_TASK GOAL_: Reproduce nothing beyond the line containing "Československá obec legionárska, Nadácia". From the first line of the data below down to it, copy each line exactly, without the pictures.

___ TASK INPUT ___

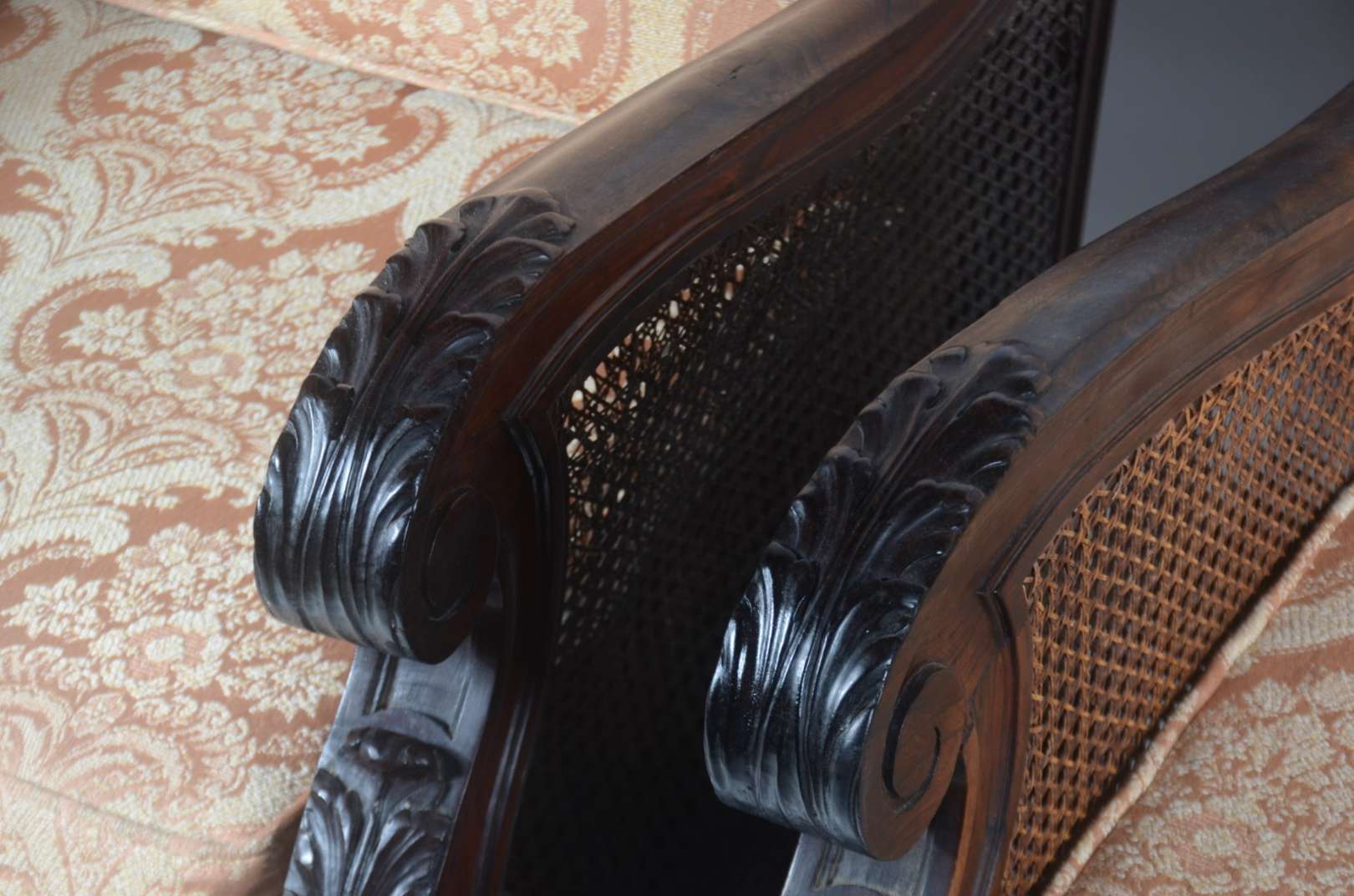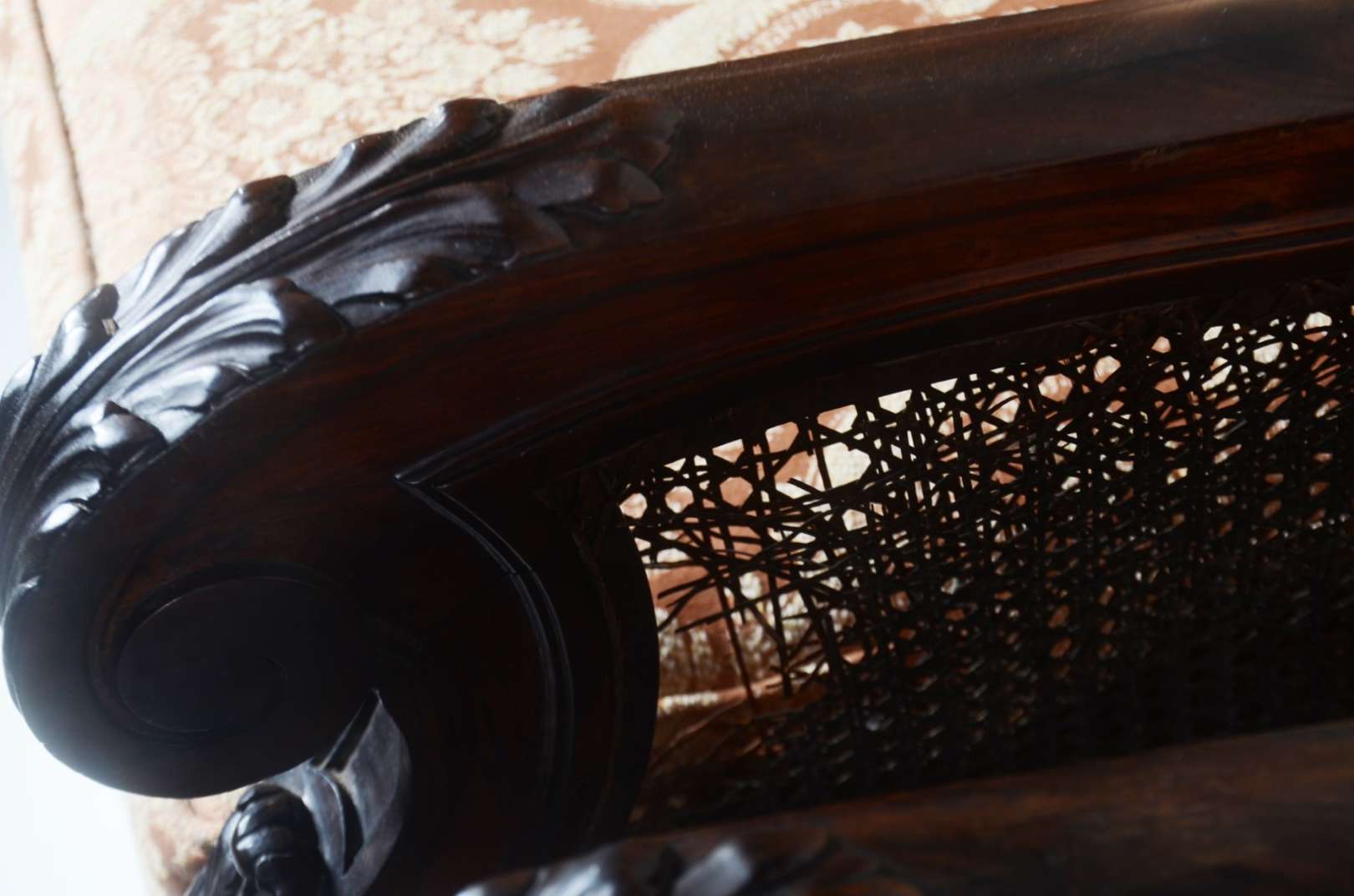 Par de cadeiras baixas de madeira nobre, estofadas e forradas em tecido adamascado com tacheados.
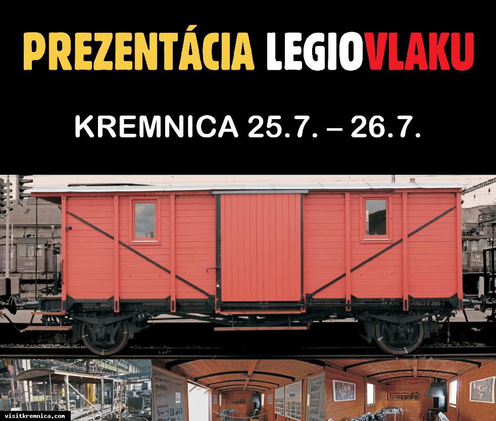 Československá obec legionárska, Nadácia Milana Rastislava Štefánika, Železnice Slovenskej republiky, Klub historickej techniky Zvolen, Oblastná organizácia CR Gemer a Mesto Kremnica si Vás dovoľujú pozvať na unikátnu expozíciu LEGIOVLAK.
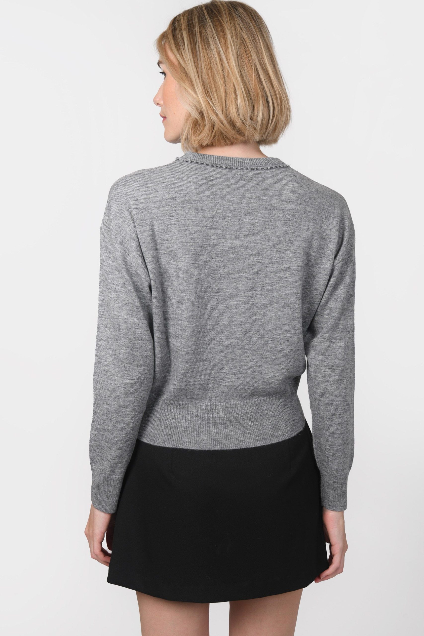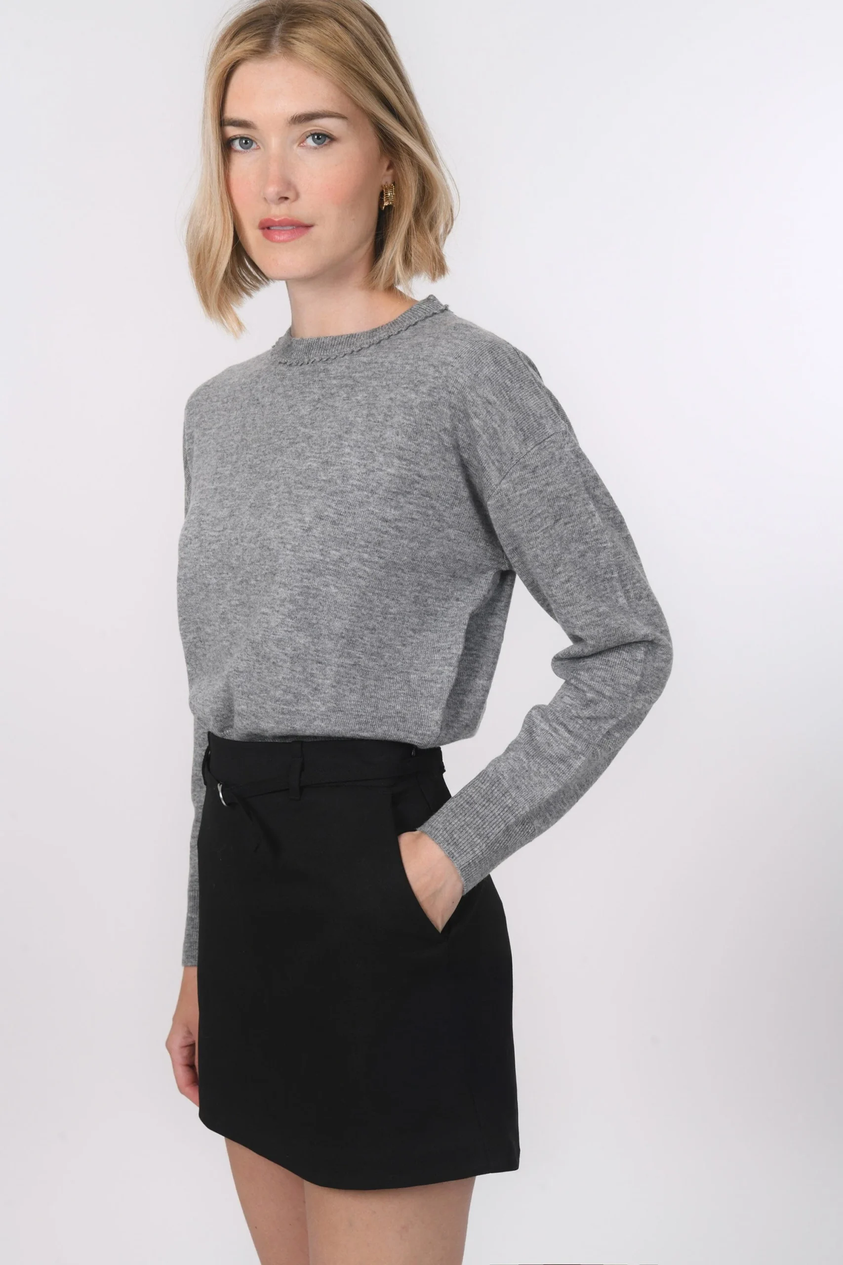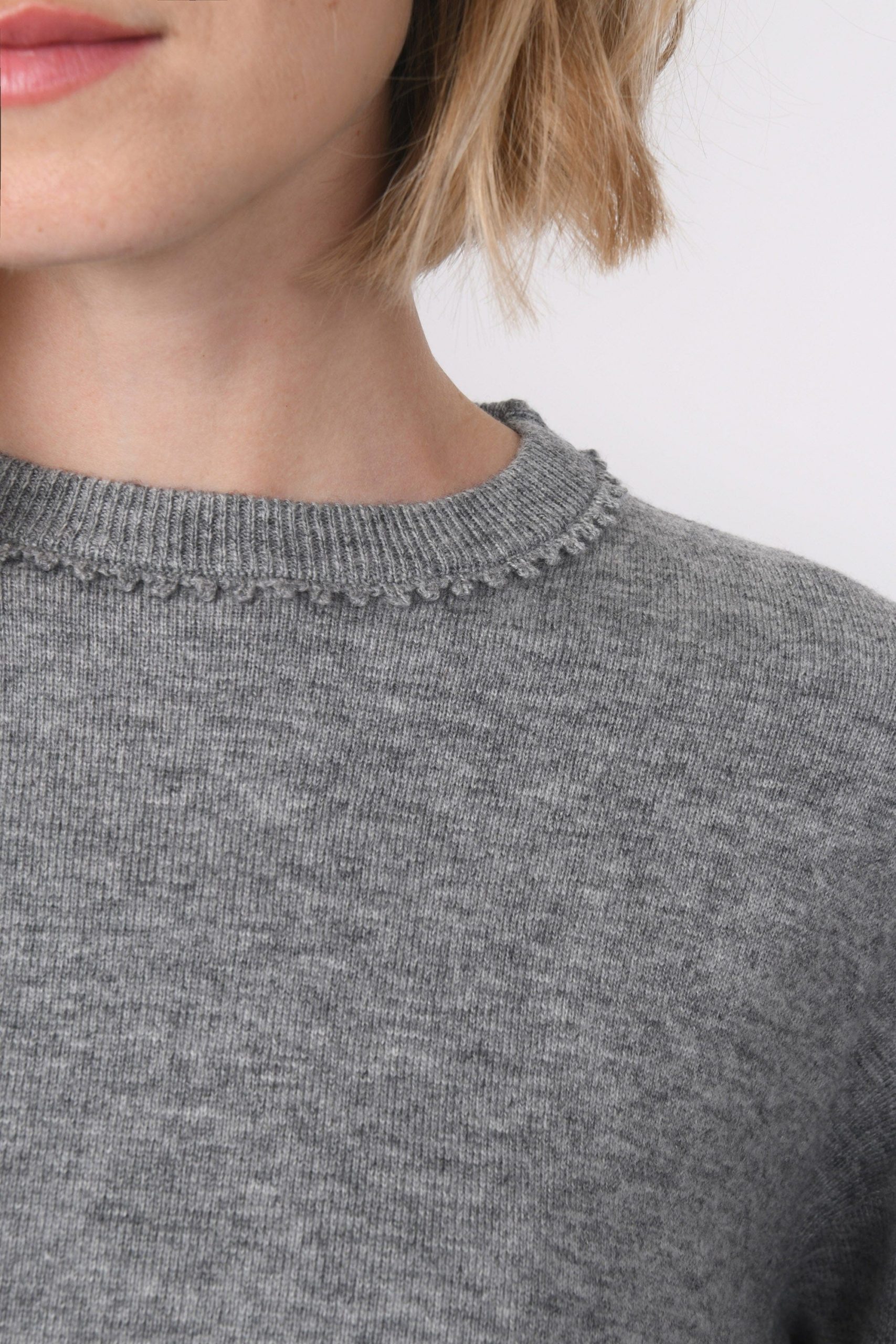 A décliner en version décontractée ou plus habillée, voici le pull BacotEn laine mélangée, maille fine et douceEncolure ronde bordée d’un galon fantaisie façon croquetEmmanchures descenduesLongueur 53cm en T0 Océane mesure 1m77 et porte une taille 0
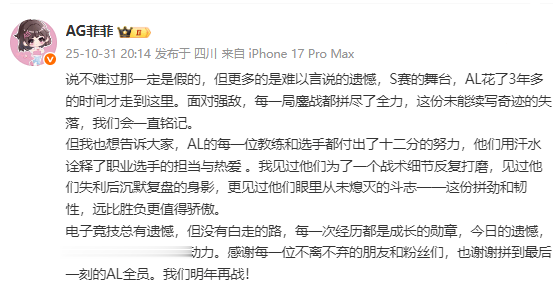 虎扑10月31日讯2025全球总决赛八强赛AL2-3不敌T1,止步八强。赛后,AG老板菲菲发文:
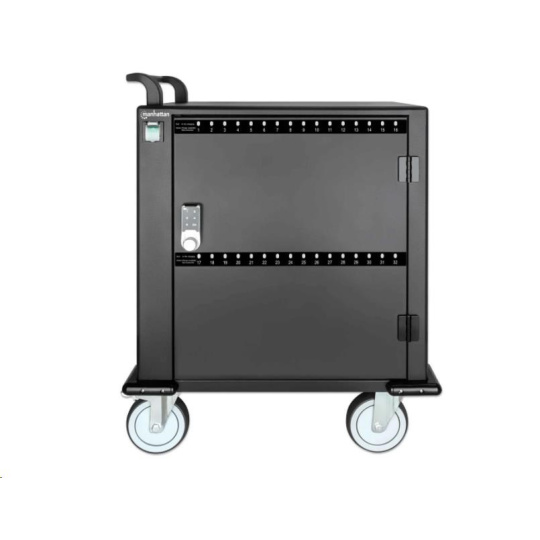 MANHATTAN nabíjecí vozík - 32 portů, 576 W, přepěťová ochrana, tichá ventilace, kovové pouzdro, černá
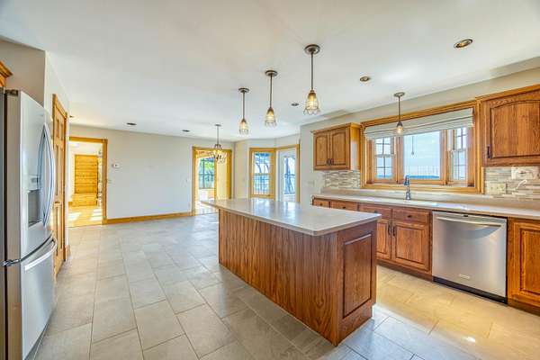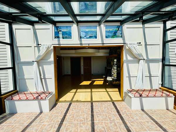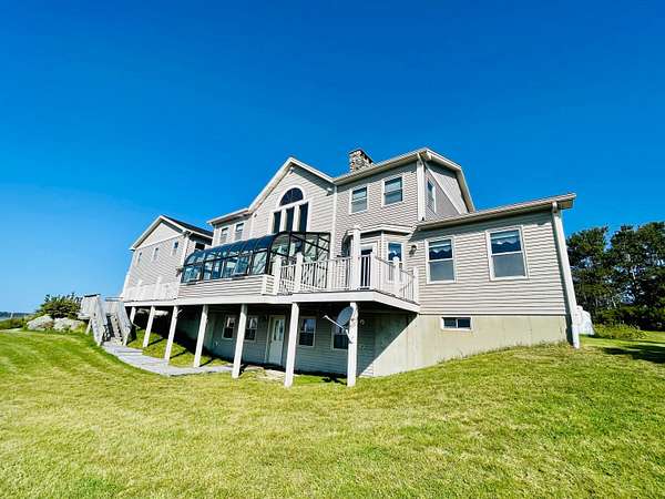 This stunning and expansive oceanfront colonial is a unique find in the heart of coastal Downeast Maine! Custom built and lovingly designed, this home boasts 5 bedrooms, 5 full bathrooms, 2 half baths, and two separate apartments spaces in addition to the main home. There is ample room at this beautiful ocean front estate! The large great room is the center of the home. It's cathedral ceilings with large custom stone fireplace make this space warm and inviting on the chilliest of Maine mornings. Off the great room is a sunroom with panoramic views of Holme's Bay. Enjoy the sunshine and a cup of coffee as seals and the occasional whale pass by in the bay. A beautiful staircase leading to the second floor greets you as you come through the front door. A study off the entry offers additional space and could be used for many purposes. This part of the home also offers a large eat-in kitchen with expansive pantry, double ovens, and a large laundry room. A formal dining room offers extra space for entertaining. The large owners suite, with ensuite bath, has a custom marble shower, matching double vanity, and soaking tub. The room offers a large walk-in closet with built-in shelving system, beautiful views of the bay, and private deck. In addition to the large main living area, the basement has a finished in-law apartment. The space includes a kitchen, bath, laundry, living area, and walkout entrance to the patio with an outdoor kitchen. Above the oversized, sheet rocked and insulated, attached garage with 2 bays and 4 spaces to park your cars or toys, is the second apartment with its own Kitchen, bath, laundry, dining, and living area, completed buy panoramic views of the bay. Both apartments are currently rented to short term tenants. There is an additional 2 car garage off the paved driveway for extra storage. With too many wonderful features to mention, this home is a must see!
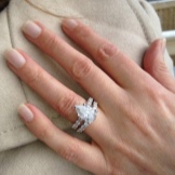 An engagement ring can be decorated not with one but with several stones, while the central one is always larger, and the rest are smaller. Before buying, you should check the stones for fastening so that they do not fall out, as this will ruin the appearance.
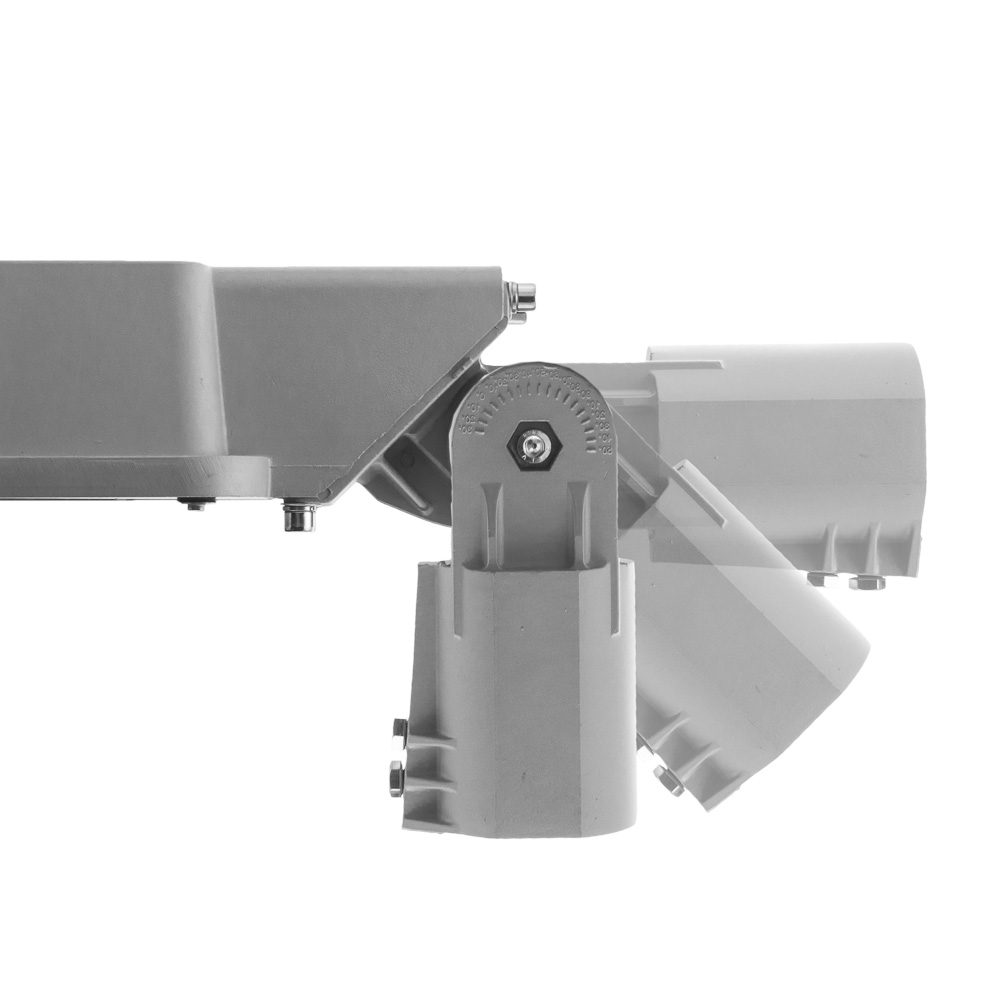 Svítidlo s integrovanou stavitelnou přírubou pro montáž na stožár nebo výložník o průměru 60 mm.
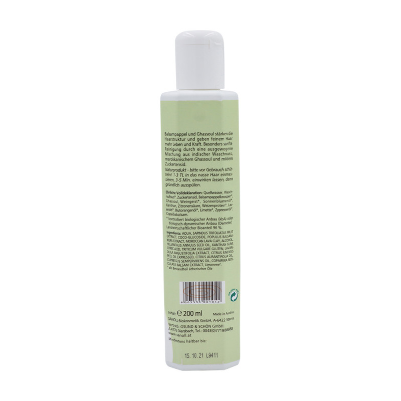 Sanoll Shampoo: Strukturshampoo Balsampappel verleiht feinem Haar Kraft und Glanz! Balsampappel und Ghassoul stärken die Haarstruktur und geben feinem Haar mehr Leben und Kraft. Besonders sanfte Reinigung durch die ausgewogene Mischung aus indischer Waschnuss, marokkanischem Ghassoul und mildem Zuckertensid.
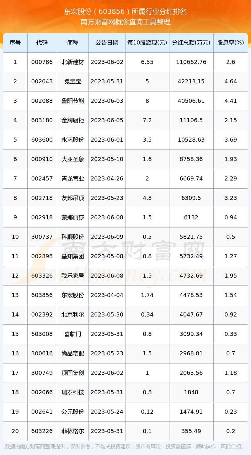 按照南方財富網(wǎng)趨勢選股系統(tǒng)統(tǒng)計,東宏股份所屬行業(yè)為裝修建材行業(yè),裝修建材行業(yè)分紅排名情況如下表:

___

_ANSWER TO THE PROBLEM_:
 Par de cadeiras baixas de madeira nobre, estofadas e forradas em tecido adamascado com tacheados.
 Československá obec legionárska, Nadácia Milana Rastislava Štefánika, Železnice Slovenskej republiky, Klub historickej techniky Zvolen, Oblastná organizácia CR Gemer a Mesto Kremnica si Vás dovoľujú pozvať na unikátnu expozíciu LEGIOVLAK.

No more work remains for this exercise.